6.7 Correlating with granular sentiments
Thus far we used only positive and negative sentiments. However, we actually have much granular sentiment scores in the data. Let’s check whether these scores do a better job of explaining the pattern in the data.

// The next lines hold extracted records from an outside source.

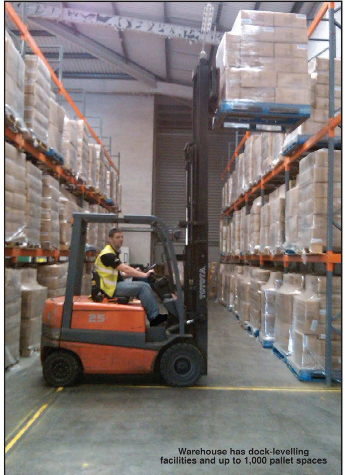
Warehouse has dock-levelling facilities and up to 1,000 pallet spaces

Spratt Transport Services Unit C1, Furry Park Industrial Estate, Santry, Dublin 9, Ireland. Telephone: 01 8527100 Fax: 01 8527102 email: sales@sprattrans.com www.sprattrans.com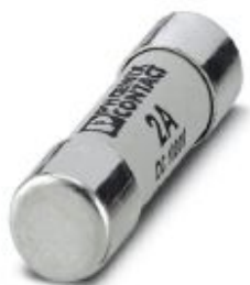
Fuse, 10.3x38 mm, up to 1000 V DC, gPV characteristics

Please be informed that the data shown in this PDF Document is generated from our Online Catalog. Please find the complete data in the user's documentation. Our General Terms of Use for Downloads are valid ( http://phoenixcontact.com/download )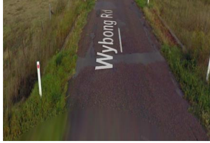
2. Wybong Road (Major Culvert)

For this, we will simply use the percentage of words with a specific sentiment in a tweet. For instance, if there were 2 words that were labeled as “joy” by syuzhet
out of the 5 words it labeled overall from a tweet, we consider it is 40% (2/5) joy. It’s not the cleanest metric but it will work.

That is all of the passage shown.